Dometic inverter generator


----------



## raynardo

Plus add the huge shipping price.

Only one review, looks like two reviews, but it's the same guy.

Probably made in China.

You get what you pay for.


----------



## CamperAndy

This is a link to the Vendor brochure

Dometic LW3000 Plus


----------



## hautevue

$700 for a 3KW inverter with electric start is VERY good. In fact, it's so good I'd truly be suspicious.

Electric start needs a battery--is that included?

What is the shipping cost?

What is the noise level? Is it well designed for quiet operation (i.e. like the Honda and Honeywell ones, etc.)?

X2 with Raynardo above: you get what you pay for, and the price seems, to me, to be so low that I'd be worried about reliability, etc., etc.


----------



## CamperAndy

It appears to be more or less the same as the Kipor or Honeywell units of that size. Dometic is not a knock off brand name so it may really be a good deal. The link to the brochure I put in my first post was made in 2010 so this may be old stock.


----------



## Insomniak

Not quite 3,000 watts - 2,600 rated & 2,800 max. About 60 pounds, with an estimated shipping cost to my house of $57. It may be a good buy, but I'm always leery of generator ads that claim it's quiet with no decibel specs to back that up.


----------



## clarkely

yes it is a chinese manufactured unit.. but so is my Boliy and i am happy with it









I Believe it is made by magna manufaacturing http://magnagenerator.com/magna_2700w_remote_start it looks exactly alike............... generac's look similar as well ....... i can't remember the other names..but i have seen this generator branded with different names......

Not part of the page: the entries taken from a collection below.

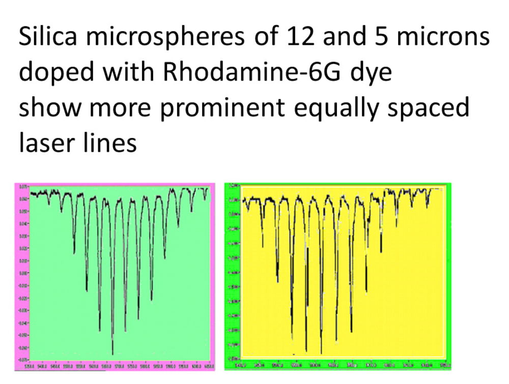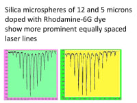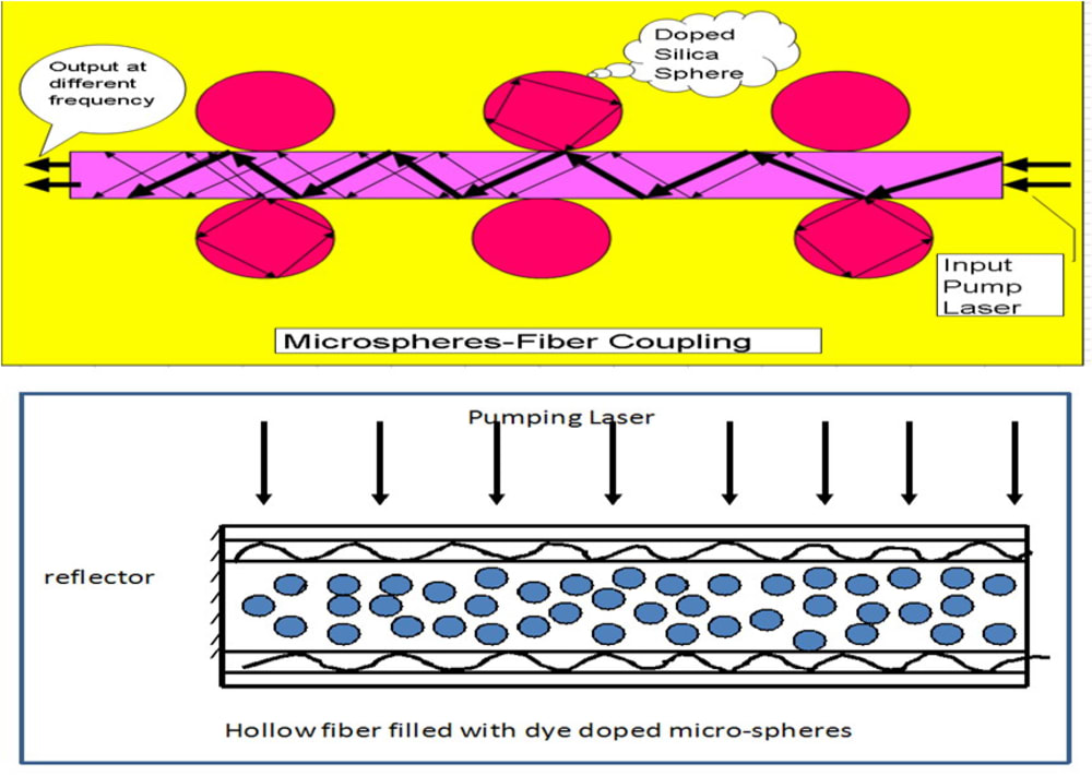 The glass microspheres are doped with specific dopants to generate the desired laser lines. The spheres are adhesively attached to the solid fiber or inserted into a hollow fiber and pumped by a laser source at one end of the fiber (Illustration-1). A fraction of the pumping beam enters the microsphere and undergoes multiple internal reflections until such time that sufficient energy has been built up that a laser beam exits the microsphere, at different wavelengths than the pumping beam. The surface of the microsphere acts as an optical cavity that provides feedback at specific wavelengths. The fiber with the spheres is wrapped on a pulley with the two ends of the fiber are free for pumping and collecting the outputs (Illustration-2). The microsphere produces a plurality of output laser lines. Illustration-3 shows the output from 5 ?m microspheres doped with Rhodamine 6G and pumped with a 532 nm source from a Nd:YAG laser. It is seen that for the 5 ?m microspheres a plurality of laser output wavelengths from around 5490 ? to around 5980 ? are produced. Different lines can be produced by changing the dopant material.
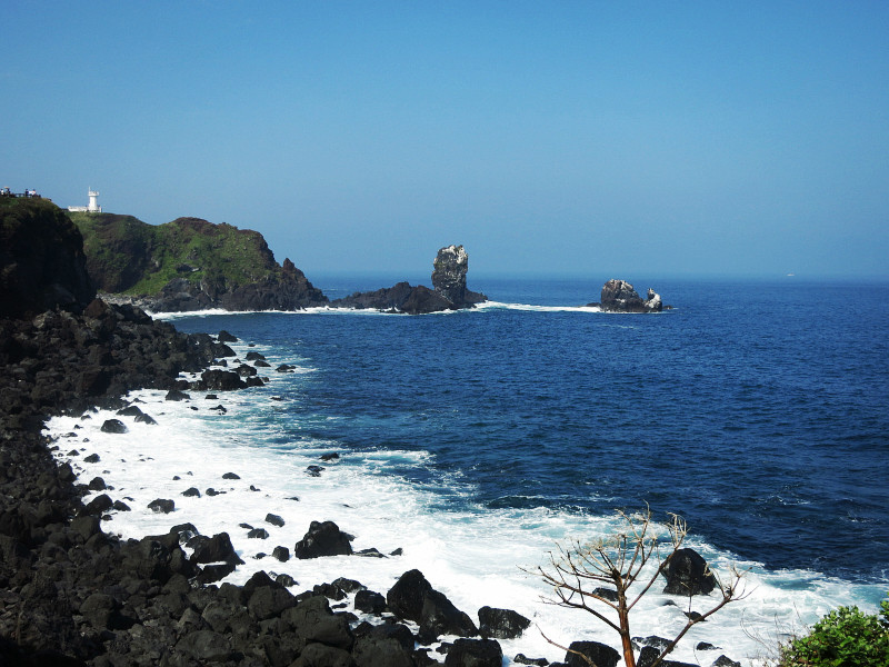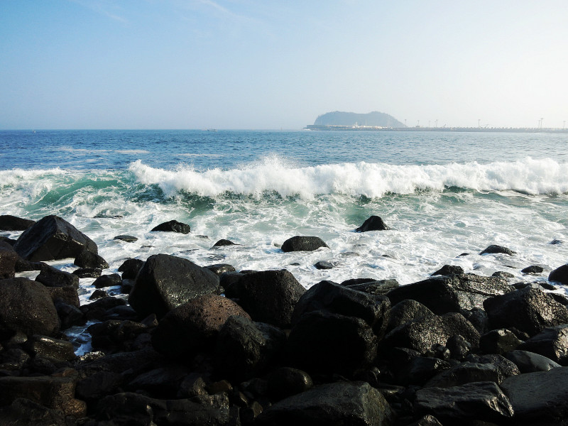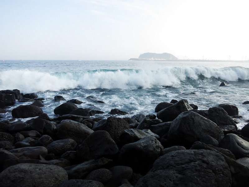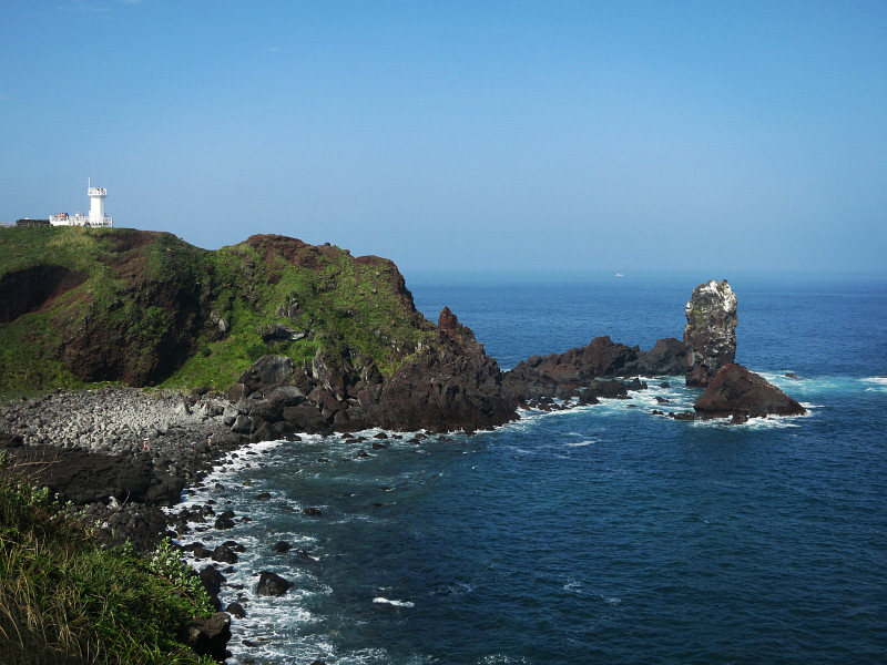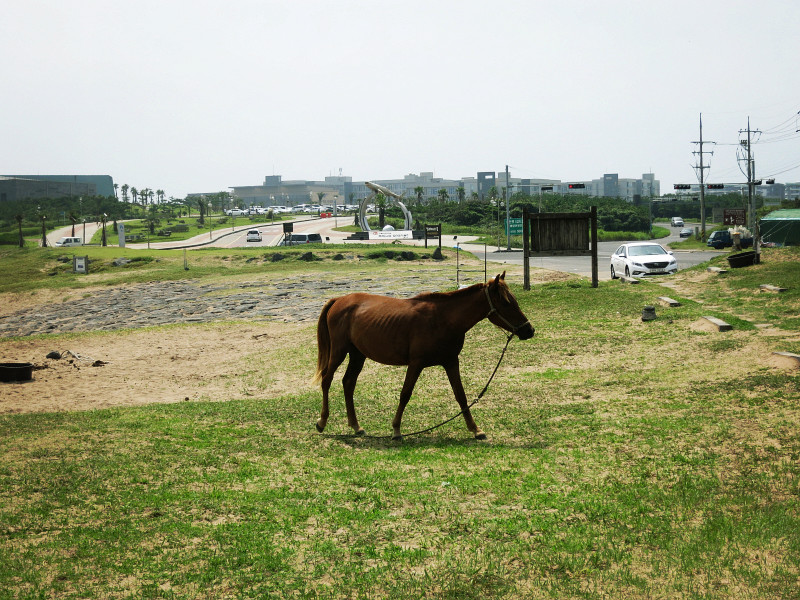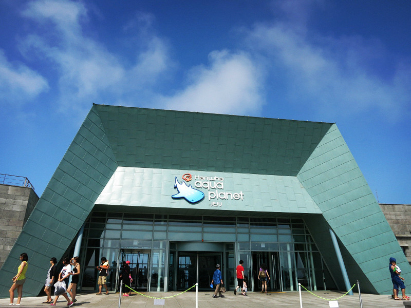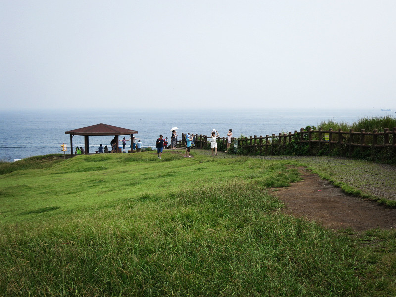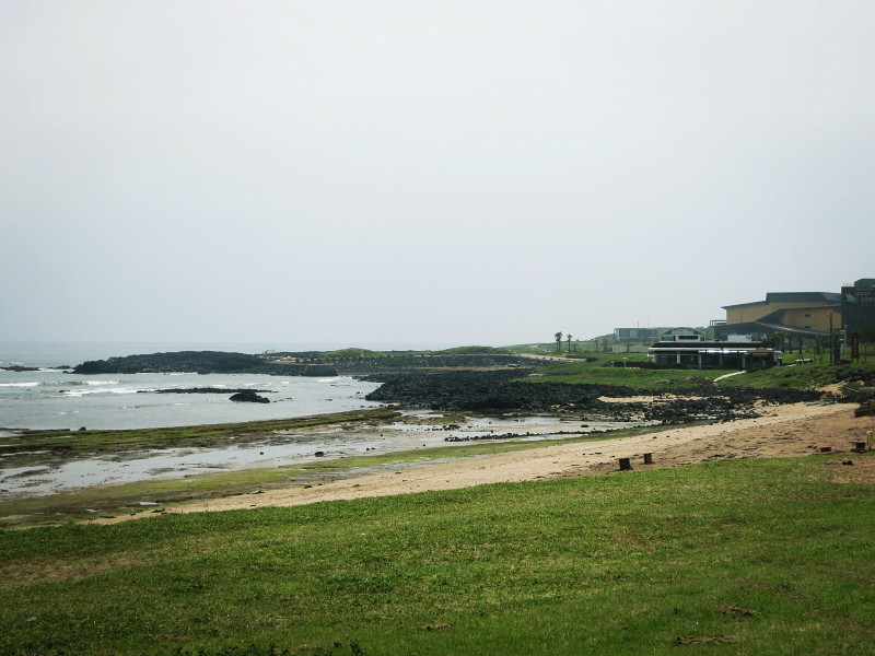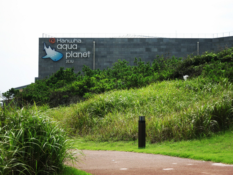 不过他们推荐的公交和导航的路线略有差异,下车后,需要走30分钟才到海洋星球附近。去涉地可支还要再走上30分钟。很多人将城山日出峰和涉地可支和在一起参观,毕竟两个地方看起来不远。但是貌似没有直达的公交,需要打车。城山日出峰我们在去牛岛的时候已经大致看了一眼,这回在海岸边也远远的观望了一下,就可以了。我们此行的主要目的地是海洋星球,因为户外实在是太晒了……
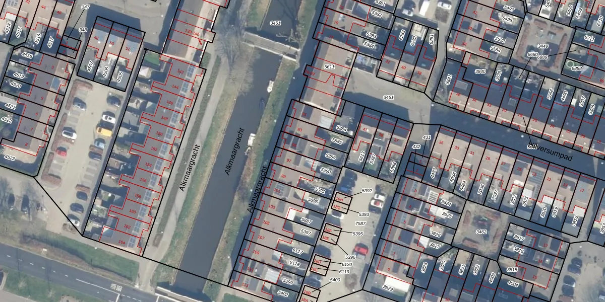 Alkmaargracht 95 is gelegen op kadastraal perceel AMR04K5389. Deze kadastrale aanduiding is uniek en wordt gebruikt door het Kadaster om eigendomsrechten en andere zakelijke rechten vast te leggen. Het perceel maakt onderdeel uit van de kadastrale gemeente Almere.

That all being said - most reviews look positive.......... To me it seems just a little short on power........ but if didnt already have my boliy 3600 ............... i would take a chance on it..........


----------



## Fanatical1

There's a couple of youtube videos of it running.

I would be curious where you could get parts or repairs done when needed? What's the resale value? 
Invest $2,000 in a Honda EU2000 and a companion and sell them when your done for $1,800. 
I do admit it is a very tempting price if it runs the air.

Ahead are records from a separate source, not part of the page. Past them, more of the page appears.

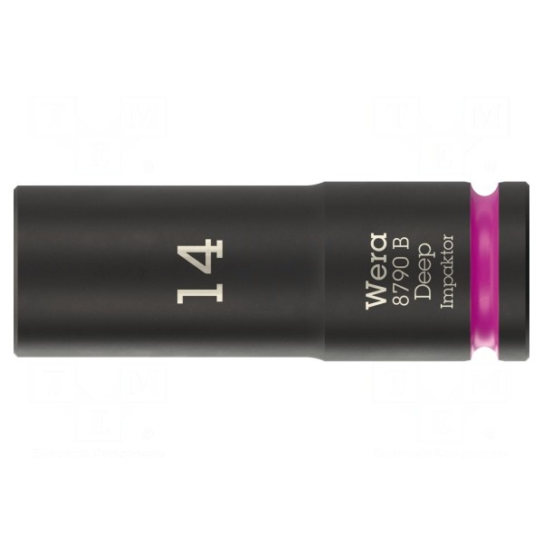 Nasadka udarowa o konstrukcji 6-kątnej przeznaczona do pracy z gniazdami HEX 14mm. Narzędzie zostało wykonane w wersji długiej o łącznej długości 63mm i posiada uchwyt w rozmiarze 3/8".
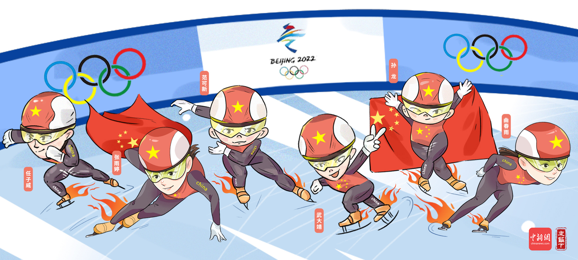 这是武大靖连续两届冬奥会有金牌入账,也是任子威、范可新、曲春雨首次登上奥运冠军领奖台。
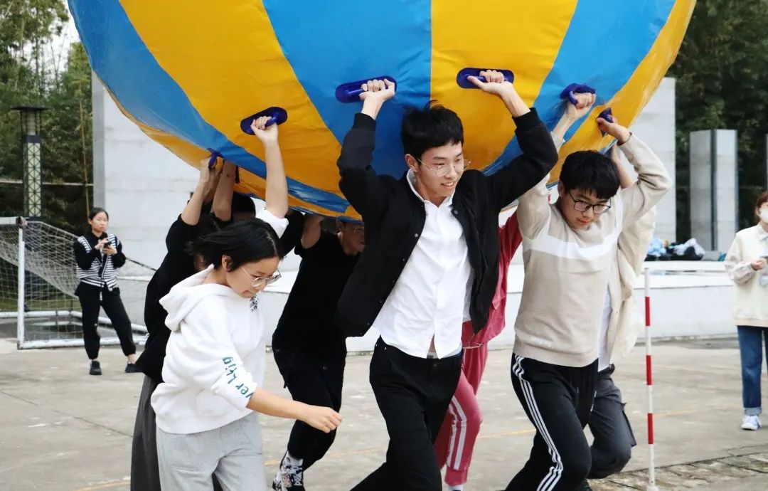 如果说“击鼓颠球”需要的是运动员的准确与克制,“运转乾坤”所需要的力量与速度则更为纯粹。此项目要求运动员们托举着几人高的橡胶气球跑过一个往返,速度快且节奏统一者获胜。各班运动员们在此项目上都表现出了令人印象深刻的协作能力,团结一致的步调让路过的同学都为之惊叹。
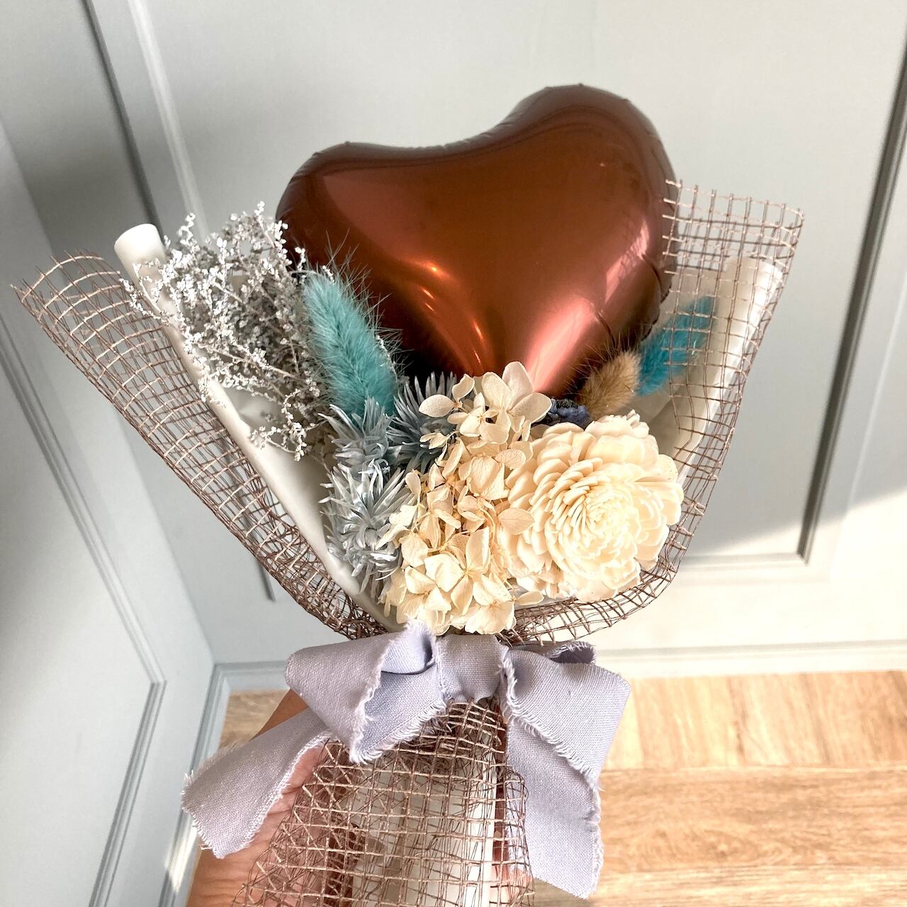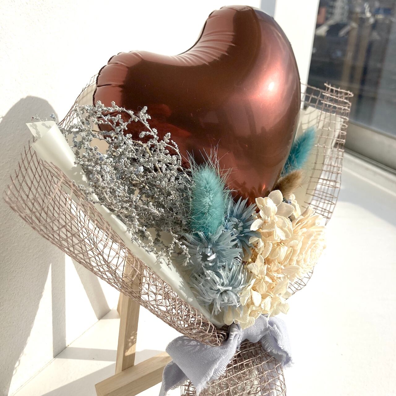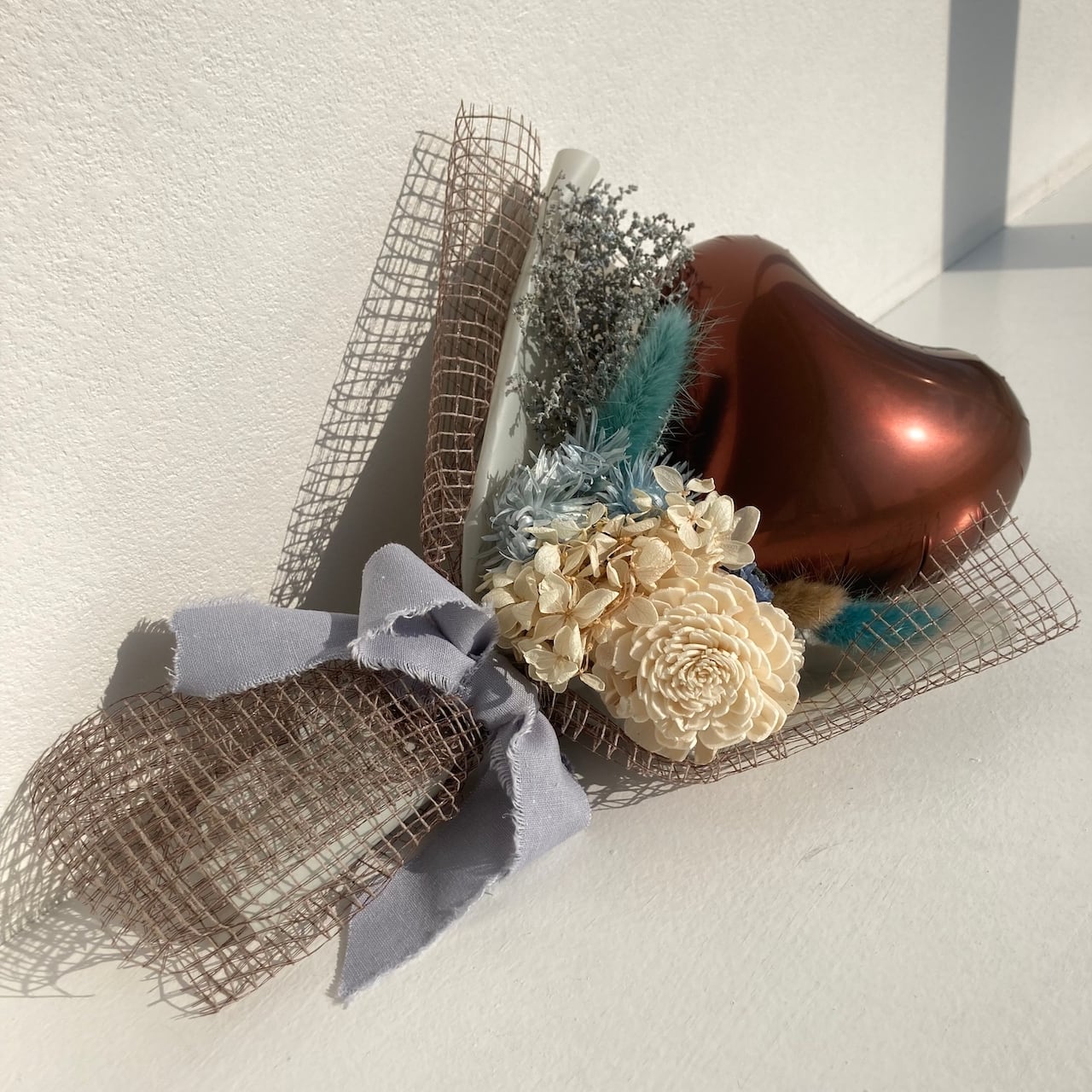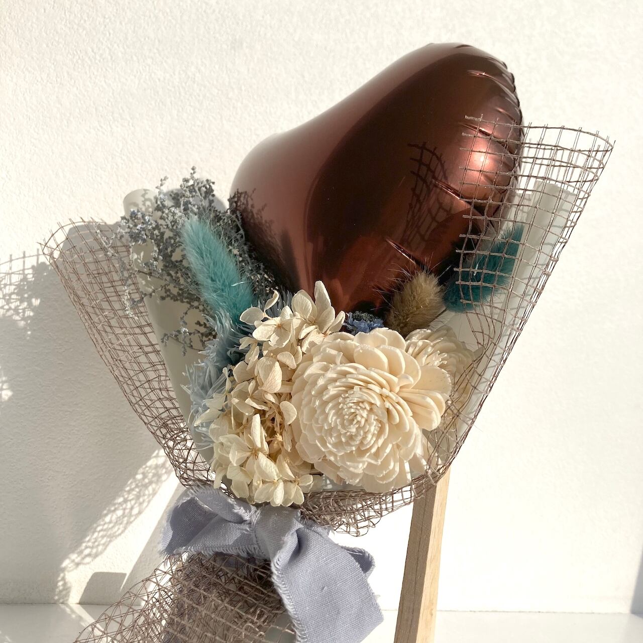 ◆バルーンとドライフラワーのミニブーケ メタリックゴールド

I agree with Clakely that it may be a little short on power.

Good niche to try to fill the ability to run the RV air units. Has a 30 amp twist lock plug?


----------



## Tangooutback

My Yamaha 2400IS does not put out as much and it is able to run the a/c (with an aftermarket capacitor installed), so, I am not concerned with output wattage. Its durability is the big question mark and price is just too good to be true.


----------